As for a specific example – well, The Darkest Part of the Woods was an attempt to convey some of the sense of cosmic awe and terror I still find in Lovecraft’s best work, and I went back to his first principles to do so. The book is composed of hints and allusions, and uses The Case of Charles Dexter Ward as a template to some extent, not least the way that book barely refers to Lovecraft’s mythos.

Do you see yourself as part of a tradition?

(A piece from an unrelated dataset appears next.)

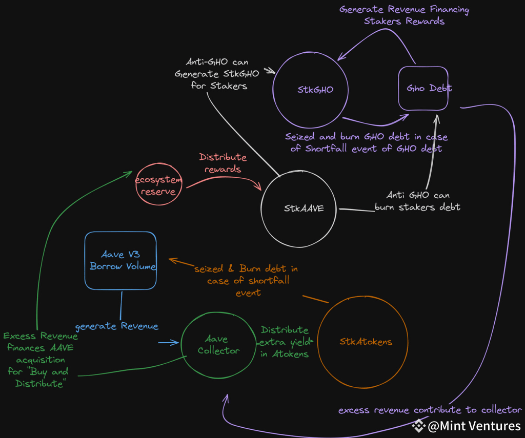 Staked $AAVE yields “Anti-GHO,” which can be used either to repay GHO debts or directly deposited into the GHO staking module, thereby enabling $AAVE stakers to also benefit from the profits generated through GHO.
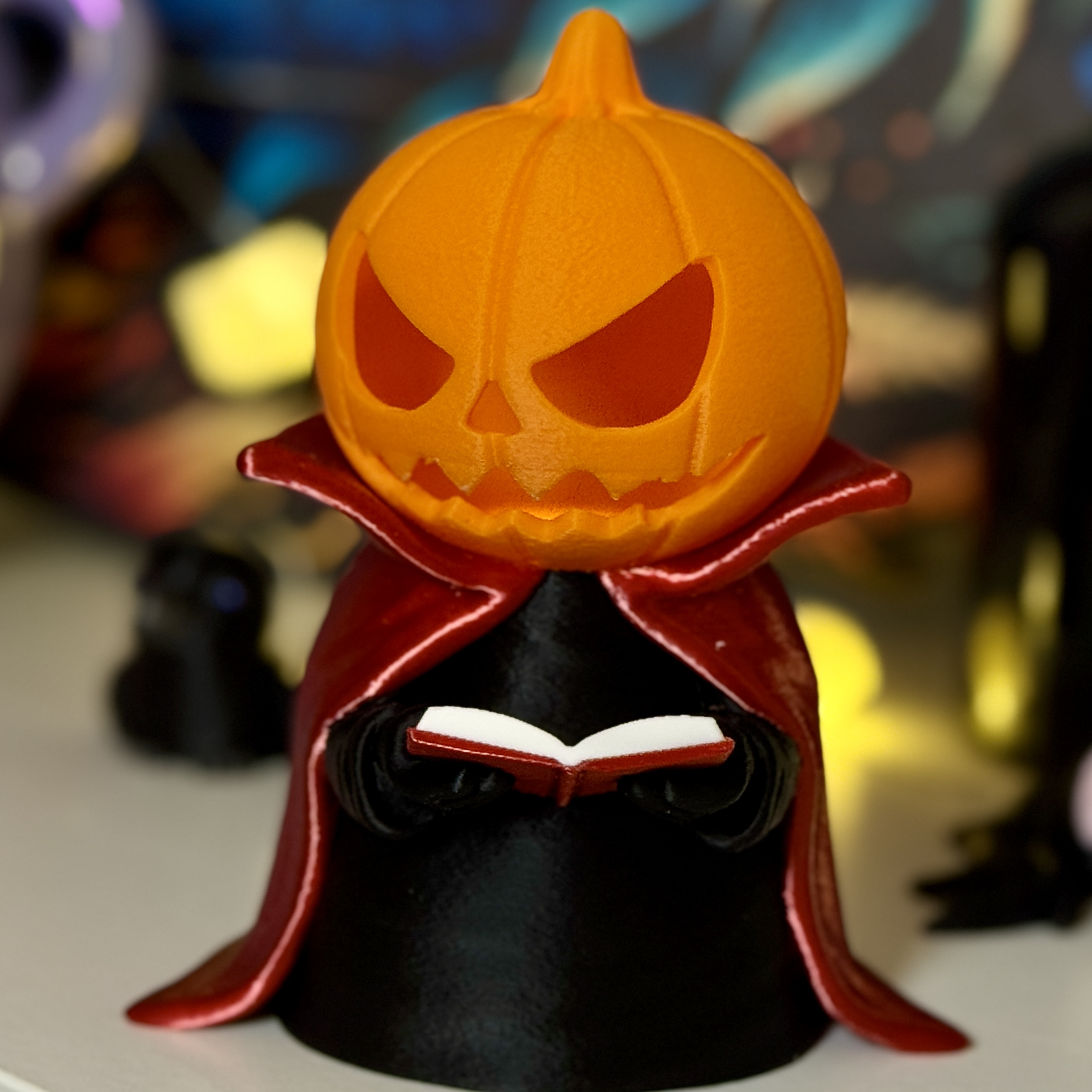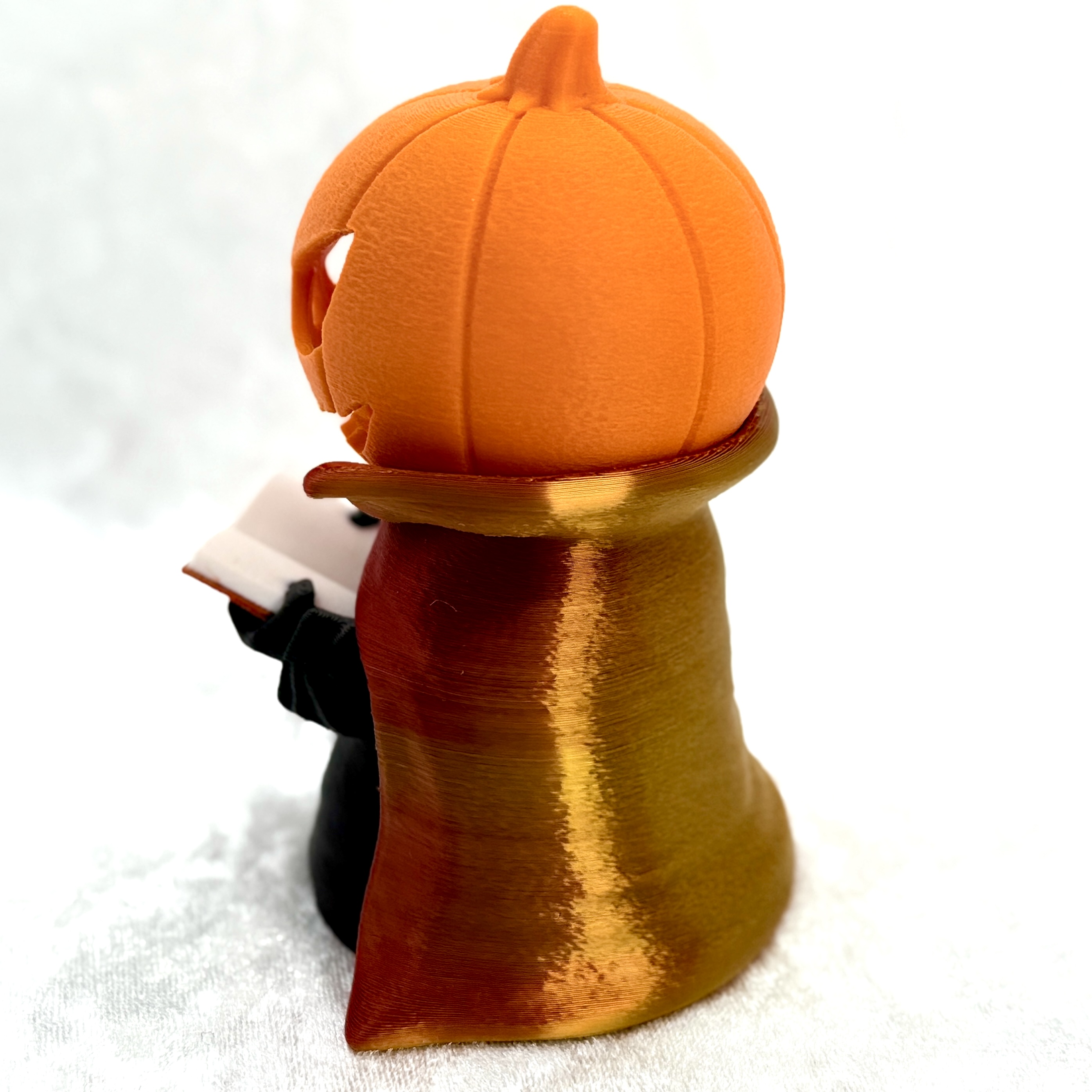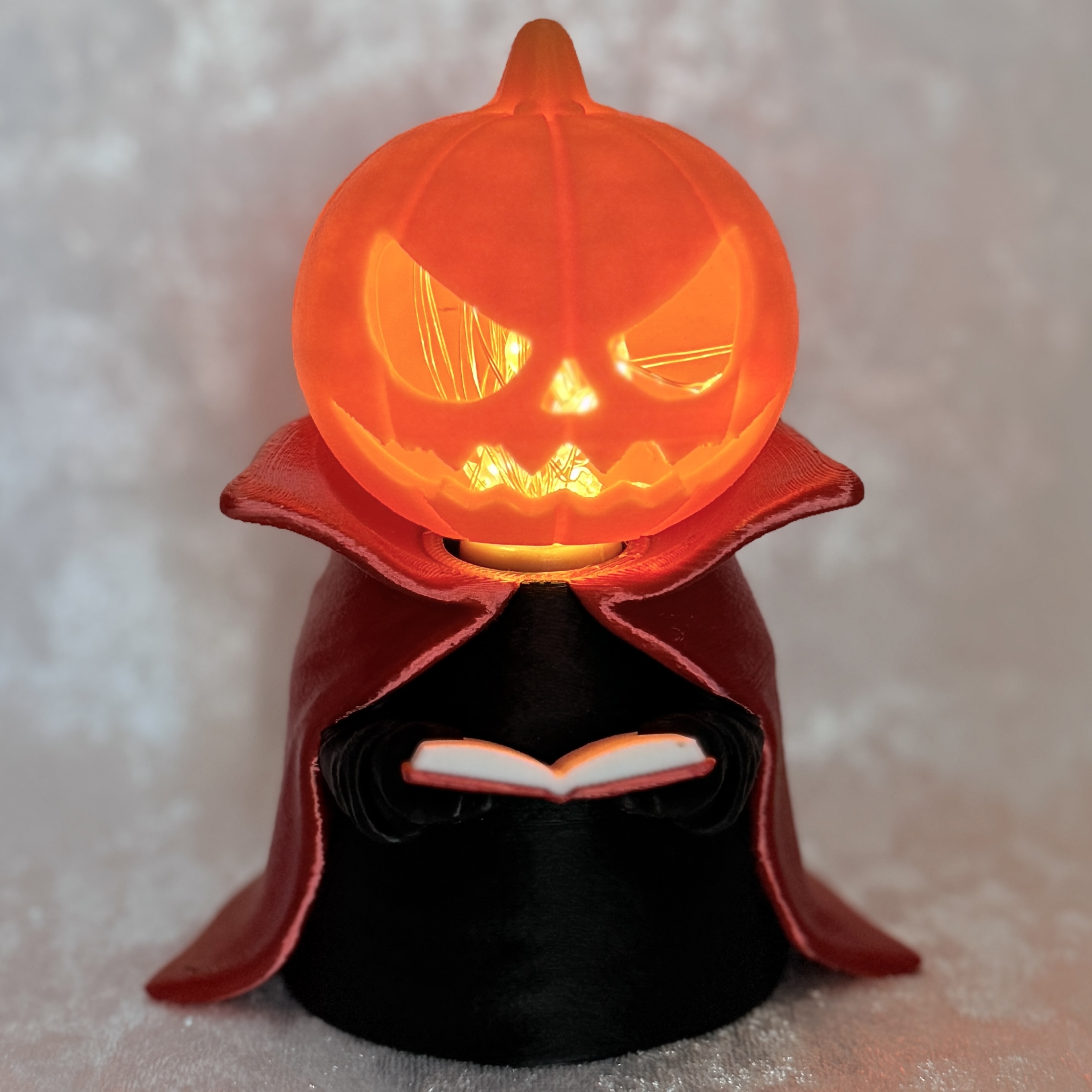 Każdy Jack – Czytający Lampion został wydrukowany w technologii 3D z dbałością o każdy detal – od faktury dyni po subtelne fałdy płaszcza. Idealny jako dekoracja na Halloween, prezent dla miłośników fantasy lub element nastrojowego wystroju jesiennego wnętrza.

Very much so. I’ve tried over the decades to be true to the classics of our field while attempting to develop it along contemporary lines. I think the development of the overall tradition is pretty clear, do you? Elsewhere I tried to sum it up thus: Poe and Le Fanu refined the Gothic novel, rendering it terser and more psychologically focused. M. R. James stripped Le Fanu’s methods to their absolute essence, developing his own genius for the spectrally suggestive phrase or sentence. Writers such as Walter de la Mare and Lovecraft learned from Poe. Lovecraft also subsumed the influence of writers such as Blackwood and Machen. Fritz Leiber united the traditions of M. R. James and Lovecraft. T. E. D. Klein does too, but Machen also comes to the fore in some of Ted’s finest work. Stephen King rediscovers Poe for our time. Echoes of Robert Aickman can be found in M. John Harrison’s profoundly personal fiction, and in Lisa Tuttle’s and Terry Lamsley’s. Thomas Ligotti’s tales can be Lovecraftian, but they are remarkably unlike anybody’s work other than the author’s, although Mark Samuels has an equally distinctive worldview that earns him the comparison. But there’s much more to be said by folk who know more than me, I’m sure!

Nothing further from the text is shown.